In particular, in the case in which a carbon-based material is used as a negative electrode active material and a high-capacity lithium-containing manganese oxide as a positive electrode active material, the irreversible efficiency of the negative electrode during initial charging and discharging, including the first charging, is 90% or higher, whereas the initial irreversible efficiency of the positive electrode is 80 to 90%.
In addition, irreversible operation of the electrode having high irreversible efficiency is caused due to the difference in irreversible efficiency between the positive electrode and the negative electrode. In order to prevent such irreversible operation, it is necessary to use a larger amount of active material of the negative electrode having high irreversible efficiency.

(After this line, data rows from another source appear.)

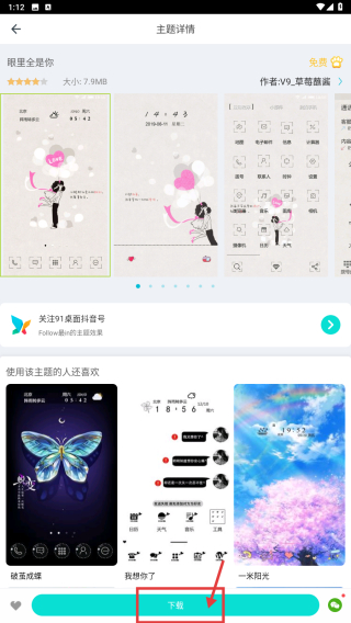 4、在主題詳情頁,點(diǎn)擊下載按鈕,完成該主題的下載操作。
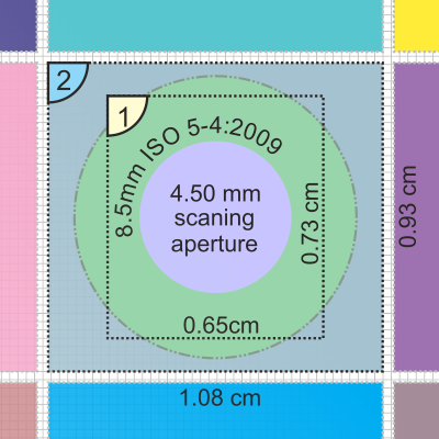 Taipogi ISO 5-4:2009 standartas nustato, kad spausdintuvo kalibracijos testų lentelės langelių dydis turi būti +2mm didesnis nei naudojamo instrumento apertūra (optinės sistemos anga). "...irradiated area of the specimen shall be greater than the sampling aperture, and its boundary shall lie at least 2 mm beyond the boundary of the sampling aperture." Spektrofotometro pozicionavimas Kalibracijos lentelių langeliai yra skenuojami specialia įranga spektrofotometru. Tai profesionalus prietaisas, skirtas išmatuoti švytinčią arba atspindėtą šviesos srauto energiją daugelyje dažnių visame šviesos spektre. Spektrofotometro apertūros pozicionavimas yra labai svarbus faktorius siekiant užtikrinti aukšto lygio spalvų valdymo profilių sukūrimą. Mes naudojame tik kompiuterinio pozicionavimo sistemas išvengiant rankinio pozicionavimo galimai sukeltų netikslumų. |
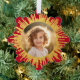 Carte d'ornement de Noël rouge, en forme de flocon de neige, avec votre photo personnalisée à l'intérieur d'une bordure d'éclatement de soleil rétrograde et doré (image imprimée, pas de véritable feuille). Texte personnalisable à l'arrière.
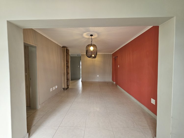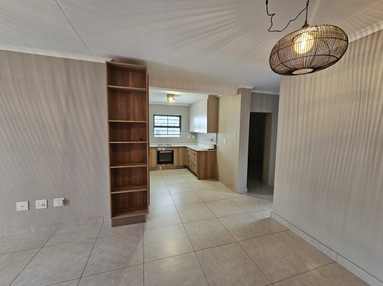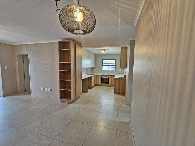 The welcoming living area flows seamlessly into an open-plan kitchen, thoughtfully laid out with ample cupboard space, accommodation for three appliances, and a double fridge – perfect for effortless day-to-day living and entertaining.

In order to adjust the efficiency of the positive electrode and the efficiency of the negative electrode so as to be similar to each other at the time of designing the secondary battery, therefore, an irreversible additive may be added to the positive electrode and/or the negative electrode.
In this case, however, lithium escapes from the positive electrode during initial formation, and then the irreversible additive becomes an inactive material, with the result that the energy density of the positive electrode is reduced.
On the other hand, high loading of the electrode is necessary to increase the capacity of the battery. In this case, however, the thickness of the electrode is increased, with the result that it is difficult for the electrode to be completely impregnated with an electrolytic solution. In addition, the concentration of the electrolytic solution is polarized, with the result that the resistance of the electrode is increased, whereby the output of the electrode is reduced.
Therefore, there is a high necessity for technology that is capable of solving the above problems.